1.for any 2 non-zero integers x and y there exist a unique integer q and r called the quotient and remainder respectively such that x=yq+r where <=r|y|

Question

1.for any 2 non-zero integers x and y there exist a unique integer q and r called the quotient and remainder respectively such that x=yq+r where <=r|y|

i.e
division algorithm

2.if m is a prime integer, show that m/xy implies m/x and m/y

show step please

Answer 1

You might have gotten help by now if you had simply put "Math" in the School Subject box. Please follow directiions.

Answer 2

m|xy => m|x or m|y

not and

2|6*7

the first one has a typo, aNd google will provide many proofs of the division algorithm, and euclidean division

Answer 3

Sure! Let's go through each question step by step:

1. For any two non-zero integers x and y, there exists a unique integer q and r called the quotient and remainder respectively, such that x = yq + r, where -|y| ≤ r < |y|.
- To prove this, we use the Division Algorithm. First, divide x by y: x = q1 * y + r1, where q1 is the quotient and r1 is the remainder.
- Now, if r1 = 0, then the quotient q1 is the unique integer q and r = 0 is the remainder, so the statement holds true.
- Otherwise, consider the case where r1 ≠ 0. We can rewrite the equation as x - q1 * y = r1.
- Now, we can divide r1 by y (since y ≠ 0) and get: r1 = q2 * y + r, where q2 is the quotient and r is the remainder.
- Substituting r1 in the equation: x - q1 * y = q2 * y + r. Rearranging this gives: x = (q1 + q2) * y + r.
- Here, (q1 + q2) is the new quotient, let's call it q. So we have x = q * y + r, where q is an integer and r is the remainder.
- Now, we need to prove the uniqueness of q and r. Suppose there are two sets of values (q1, r1) and (q2, r2) satisfying the condition. Then, we have:
x = yq1 + r1 and x = yq2 + r2.
- Subtracting the two equations, we get: 0 = y(q1 - q2) + (r1 - r2). Now, since x and y are given constants, this equation implies that q1 - q2 = 0 and r1 - r2 = 0.
- Therefore, q1 = q2 and r1 = r2, showing the uniqueness of the quotient and remainder.

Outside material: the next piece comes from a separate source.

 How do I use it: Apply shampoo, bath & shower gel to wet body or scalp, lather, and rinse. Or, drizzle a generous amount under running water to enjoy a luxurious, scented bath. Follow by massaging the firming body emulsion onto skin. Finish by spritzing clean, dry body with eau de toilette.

2. If m is a prime integer and m is divisible by xy, then m is also divisible by x and y separately.
- To prove this, we assume m/xy, which means that m is divisible by xy, i.e., there exists an integer k such that m = k * xy.
- Now, we need to show that m is divisible by x and y individually.
- Assume m does not divide x or y, i.e., there is no integer p such that m = p * x or m = p * y.
- Since m = k * xy and x does not divide m, x must divide y. Let's write y = xq, where q is an integer.
- Substituting y = xq in the equation m = k * xy, we get: m = k * x * (xq). Simplifying this further gives: m = (k * x^2) * q.
- Here, (k * x^2) is an integer, let's call it r. So we have m = r * q. Thus, m is divisible by q.
- But since q = y/x, we can rewrite it as q = p * y, where p is an integer. Therefore, we have m = r * (p * y).
- This means m is divisible by y also, which contradicts our assumption that m does not divide y.
- Hence, our assumption was incorrect, and it is proved that if m is divisible by xy, it must also be divisible by x and y individually.

I hope that helps! Let me know if you need any further clarification.